A structured set of objections, weighed in public.

Desk editor's note, referee report, simulated authors' rebuttal, and a circularity audit. Tearing a paper down is the easy half of reading it; the pith above is the substance, this is the friction.

Desk Editor's Note private letter to a colleague

The paper connects RNN temporal routing to multi-hop paths in the final graph and proposes resolvent regularization to target those paths, but the static-to-dynamic equivalence is the part that needs checking.

read the letter

The main takeaway is that the authors model a trained RNN as a graph, decompose the paths between input and output units by hop length, and use that decomposition to explain how the network routes information over time on hierarchically modular tasks. They then turn the same idea into a regularizer that penalizes multi-hop structure rather than single weights, and they report better performance and robustness than plain L1 regularization.

Referee Report

3 major / 1 minor

Summary. The paper claims that RNNs trained on hierarchically modular tasks implement computation via multi-hop pathways that can be recovered by representing the trained network as a static graph and decomposing paths between input and output units by hop length; this decomposition is said to reveal temporal information routing. Standard L1 regularization is argued to act only on single-hop edges, motivating the introduction of resolvent-RNNs that penalize multi-hop structure to induce task-aligned temporal sparsity, yielding improved performance and robustness over L1 baselines.

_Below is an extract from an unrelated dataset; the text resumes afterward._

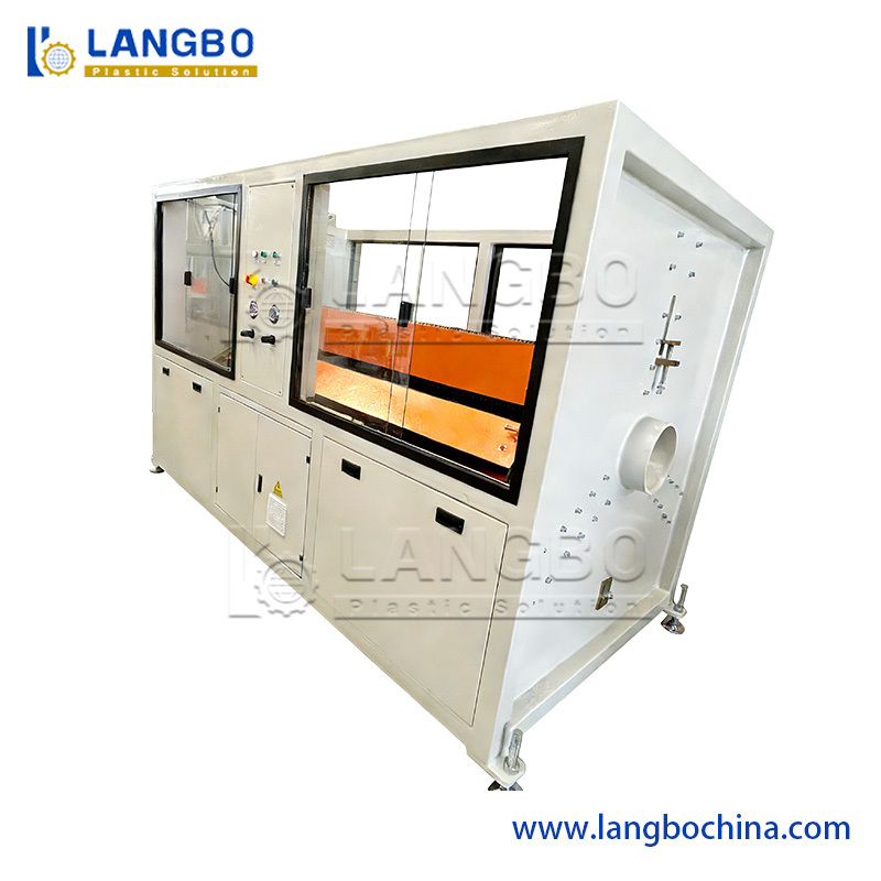 Dispose d'une section de refroidissement de 6 mètres avec plusieurs buses d'eau pour un contrôle optimal de la température. Une installation de précision garantit une efficacité de refroidissement maximale, en durcissant efficacement les tuyaux en PVC lorsqu'ils traversent le bain-marie en configuration double brin.

Significance. If the claimed equivalence between static multi-hop graph paths and nonlinear RNN temporal dynamics were established, the work would offer a useful bridge between graph theory and dynamical systems for mechanistic interpretability of recurrent networks, reframing sparsity as a property of functional pathways rather than individual weights. The perspective on regularization is conceptually coherent and could inspire new methods, but the manuscript provides no derivation linking the resolvent to the nonlinear flow nor ablations confirming that hop decomposition predicts actual routing, so the significance remains prospective rather than demonstrated.

major comments (3)

[Abstract and introduction of graph modeling] The central claim that temporal computation is recovered by decomposing multi-hop paths in the final connectivity graph assumes that iterated linear walks on the static adjacency matrix capture the state-dependent nonlinear dynamics of the RNN update h_{t+1} = σ(W h_t + U x_t). No derivation showing that the resolvent approximates this nonlinear flow, nor any ablation (e.g., targeted lesions or perturbation experiments testing whether hop-length predictions match observed information routing), is supplied to support this load-bearing modeling assumption.
[Motivation for R-RNNs] The motivation for resolvent regularization is derived from graph-theoretic analysis performed on the same trained networks that are later regularized, creating interdependence between the modeling assumption and the proposed method. Separate experiments on held-out task structures or different RNN architectures are required to demonstrate that the approach generalizes beyond post-hoc fitting to the observed connectivity.
[Results claims] Performance gains and increased robustness under strong regularization are asserted relative to L1, yet the abstract and available text supply no quantitative tables, statistical controls, or baseline comparisons that would allow verification that the improvements arise specifically from multi-hop pathway constraints rather than other implementation details.

minor comments (1)

The notation and definition of the resolvent operator should be introduced with an explicit equation at the first mention to improve readability for readers unfamiliar with graph spectral methods.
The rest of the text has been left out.